Authority files also make use of magic values other than 13, indicating that their contents are serialized in a custom binary format. The serialized data is the same underlying class, just not in JSON format. Originally, I was thinking it could be BSON, but it does not appear to be. The values are stored as length-prefixed strings. Instead of reversing the binary serialization completely, it’s easier to simply extract the strings directly from the binary blob. The code for this naive string extraction is in the GitHub repository.
Security Considerations
Persistent Identity Material
- AAD Broker’s LocalState cache contains PRTs, application tokens, and refresh tokens.
- PRT values are opaque; however their session keys (sk_val) are present in the cache. Session keys are bound to the TPM, preventing replay value elsewhere. However, an attacker with local SYSTEM context may derive usable session keys.
- Authority files store access/refresh tokens directly, tied to specific client applications.
Potential for Silent, Long-Lived Access
- If an attacker derives a valid session key, they can impersonate the broker to renew tokens without user interaction.

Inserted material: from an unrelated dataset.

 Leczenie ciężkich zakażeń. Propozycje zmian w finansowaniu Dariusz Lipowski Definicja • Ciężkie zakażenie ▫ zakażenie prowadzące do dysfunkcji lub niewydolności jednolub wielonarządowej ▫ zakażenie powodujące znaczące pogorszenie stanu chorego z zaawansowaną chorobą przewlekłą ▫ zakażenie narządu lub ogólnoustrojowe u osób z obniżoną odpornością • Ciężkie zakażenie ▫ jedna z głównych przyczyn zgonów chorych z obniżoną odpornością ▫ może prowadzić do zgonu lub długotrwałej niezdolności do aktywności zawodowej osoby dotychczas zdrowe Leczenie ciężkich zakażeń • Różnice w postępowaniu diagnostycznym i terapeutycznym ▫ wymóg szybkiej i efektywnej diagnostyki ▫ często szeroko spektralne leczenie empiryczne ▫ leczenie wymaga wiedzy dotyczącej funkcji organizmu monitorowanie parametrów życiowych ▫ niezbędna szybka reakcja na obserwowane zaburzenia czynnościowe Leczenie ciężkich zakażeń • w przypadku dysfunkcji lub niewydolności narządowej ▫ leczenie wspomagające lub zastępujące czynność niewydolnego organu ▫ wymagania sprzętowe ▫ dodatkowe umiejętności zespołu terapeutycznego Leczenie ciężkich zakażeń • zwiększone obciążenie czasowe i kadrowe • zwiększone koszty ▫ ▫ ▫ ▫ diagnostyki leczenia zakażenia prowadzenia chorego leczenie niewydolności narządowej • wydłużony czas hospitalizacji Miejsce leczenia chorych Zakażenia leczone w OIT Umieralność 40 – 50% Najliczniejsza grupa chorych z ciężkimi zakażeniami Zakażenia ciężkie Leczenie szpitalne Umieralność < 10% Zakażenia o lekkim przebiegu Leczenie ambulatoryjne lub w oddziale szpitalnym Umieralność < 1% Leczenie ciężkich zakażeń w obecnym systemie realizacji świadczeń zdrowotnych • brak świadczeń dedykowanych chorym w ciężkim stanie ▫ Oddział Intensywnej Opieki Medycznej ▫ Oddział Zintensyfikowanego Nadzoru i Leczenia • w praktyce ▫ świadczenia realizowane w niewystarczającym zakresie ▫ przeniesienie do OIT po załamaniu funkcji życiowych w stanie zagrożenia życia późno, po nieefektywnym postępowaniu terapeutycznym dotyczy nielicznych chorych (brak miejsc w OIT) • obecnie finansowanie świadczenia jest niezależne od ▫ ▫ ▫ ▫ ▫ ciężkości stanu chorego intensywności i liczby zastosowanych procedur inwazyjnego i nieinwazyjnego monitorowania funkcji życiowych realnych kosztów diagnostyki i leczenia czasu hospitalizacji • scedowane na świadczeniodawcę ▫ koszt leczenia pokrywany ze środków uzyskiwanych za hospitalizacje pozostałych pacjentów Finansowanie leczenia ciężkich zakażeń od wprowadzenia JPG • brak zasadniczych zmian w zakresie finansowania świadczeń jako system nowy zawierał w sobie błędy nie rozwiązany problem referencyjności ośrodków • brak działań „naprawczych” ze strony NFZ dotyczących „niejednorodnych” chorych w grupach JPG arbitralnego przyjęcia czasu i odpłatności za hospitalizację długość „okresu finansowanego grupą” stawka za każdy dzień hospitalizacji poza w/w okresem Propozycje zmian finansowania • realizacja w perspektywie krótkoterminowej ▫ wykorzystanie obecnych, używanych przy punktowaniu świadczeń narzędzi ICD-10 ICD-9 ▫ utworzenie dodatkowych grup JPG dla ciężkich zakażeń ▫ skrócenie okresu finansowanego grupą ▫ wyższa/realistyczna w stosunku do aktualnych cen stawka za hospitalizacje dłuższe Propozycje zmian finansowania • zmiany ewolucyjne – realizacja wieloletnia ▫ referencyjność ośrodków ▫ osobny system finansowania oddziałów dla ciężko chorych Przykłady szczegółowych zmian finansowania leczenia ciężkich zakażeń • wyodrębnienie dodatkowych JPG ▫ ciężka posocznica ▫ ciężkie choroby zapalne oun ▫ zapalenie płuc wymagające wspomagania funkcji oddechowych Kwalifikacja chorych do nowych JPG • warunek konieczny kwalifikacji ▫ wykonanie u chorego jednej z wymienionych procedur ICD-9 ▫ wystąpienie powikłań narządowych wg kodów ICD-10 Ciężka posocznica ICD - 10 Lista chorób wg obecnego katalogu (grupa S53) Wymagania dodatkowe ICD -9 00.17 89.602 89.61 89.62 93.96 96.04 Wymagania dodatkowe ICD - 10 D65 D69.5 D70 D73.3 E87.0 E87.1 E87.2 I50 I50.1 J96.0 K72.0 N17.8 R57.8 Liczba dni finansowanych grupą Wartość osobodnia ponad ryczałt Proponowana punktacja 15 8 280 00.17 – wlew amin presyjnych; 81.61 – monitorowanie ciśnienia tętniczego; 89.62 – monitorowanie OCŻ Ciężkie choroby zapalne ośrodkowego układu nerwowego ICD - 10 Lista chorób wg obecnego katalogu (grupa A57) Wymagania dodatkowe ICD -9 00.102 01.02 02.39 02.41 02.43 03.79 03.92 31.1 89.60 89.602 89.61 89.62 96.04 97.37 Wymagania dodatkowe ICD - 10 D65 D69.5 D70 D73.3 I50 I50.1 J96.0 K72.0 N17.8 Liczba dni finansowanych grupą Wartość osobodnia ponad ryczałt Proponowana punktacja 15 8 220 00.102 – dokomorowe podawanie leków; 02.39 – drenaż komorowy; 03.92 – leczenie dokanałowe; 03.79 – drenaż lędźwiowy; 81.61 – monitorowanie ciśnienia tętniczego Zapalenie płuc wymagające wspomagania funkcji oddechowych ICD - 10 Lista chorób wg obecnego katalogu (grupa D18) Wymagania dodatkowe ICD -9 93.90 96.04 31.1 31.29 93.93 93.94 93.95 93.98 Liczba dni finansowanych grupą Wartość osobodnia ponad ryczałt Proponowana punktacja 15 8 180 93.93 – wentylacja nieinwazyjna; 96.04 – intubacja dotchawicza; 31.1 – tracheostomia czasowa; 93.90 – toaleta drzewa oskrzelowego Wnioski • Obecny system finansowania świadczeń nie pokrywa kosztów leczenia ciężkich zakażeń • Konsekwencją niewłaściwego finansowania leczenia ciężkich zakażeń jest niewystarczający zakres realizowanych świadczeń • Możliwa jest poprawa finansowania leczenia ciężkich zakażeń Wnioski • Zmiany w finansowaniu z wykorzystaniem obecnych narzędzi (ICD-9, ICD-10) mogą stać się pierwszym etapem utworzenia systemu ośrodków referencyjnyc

- This effectively bypasses MFA after initial authentication, enabling long-lived persistence in cloud resources.
- Authority files with cached refresh tokens similarly allow token minting for specific apps.
Reconnaissance
The LocalCache contains a significant amount of structured metadata.
- User identifiers: UPNs, OIDs, tenant IDs and on-prem SIDs that map identities to tenants and hosts.

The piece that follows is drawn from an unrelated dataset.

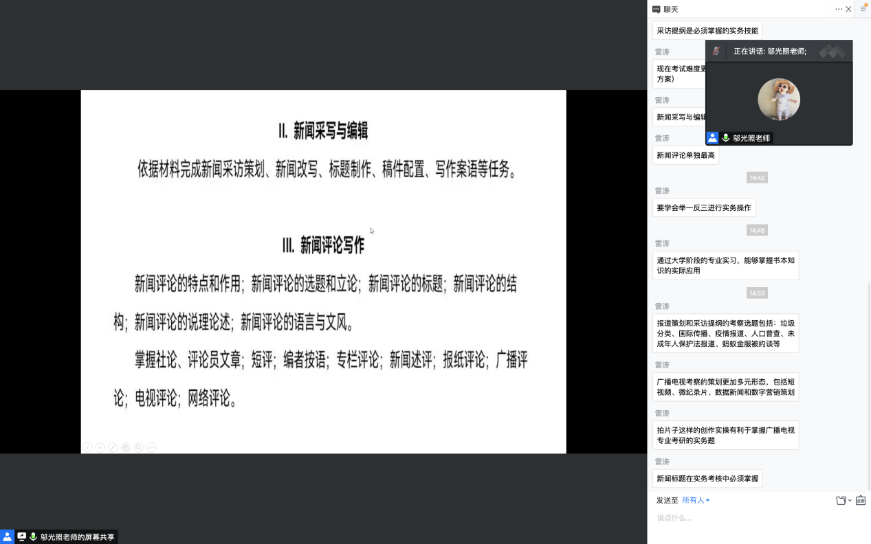下午第二场讲座的邬光照教授从研究生考试的理论知识题型与学习方法、新闻实务题型与高分突破展开,娓娓道来。他强调考研要求的知识是融会贯通可以解决问题的成体系的知识。尤其是客观题考察的理论知识要在脑海中建立框架,掌握知识的理论逻辑关系,争取拿到满分。广播电视专业的同学要多关注新现象和新趋势,多从获奖的新闻作品、广播电视作品案例中反复学习,特别要关注新近获奖的作品以及针对这些作品的专家点评等。除此以外,通过拍摄创作等实践可以进一步掌握采访提纲、采访计划、短视频策划、全媒体传播方案这些实务考题,开拓了同学们的学习思路,要求大家不仅对书本要做到熟练,还需多拓展,多抓实务题,关注热点,打好基础。在讲座过程中,邬老师还根据最近的新闻热点进行了新闻标题、新闻评论角度等实务题型的讲解和提问,通过线上答题互动,同学们对考研实务的要求有了更加深入的理解和具体的掌握。

- Application identifiers: client/app IDs (GUIDs) and sometimes the
app_displaynameare embedded in JWTs or cached tokens. - Service scope information:
scp/widsclaims andtkncontents that list permissions granted to apps (e.g.,Files.Read,Sites.Read.All,User.Read). - Device linkage: device IDs and
cnf.tbh(token binding) markers indicating whether tokens are bound to a device key. - Token lifetimes and audiences:
iat,exp,aud, andappidare exposed in cached JWTs.
Conclusion
Overall, the LocalState cache is poorly documented. It stores structured identity and application metadata that may be leveraged for reconnaissance. Refresh tokens or derived session keys should enable long-lived access, though the ability to fully derive or replay session keys depends on local protections such as TPM-bound keys and having sufficient privileges. Further research into what is and what is not possible with the metadata is needed.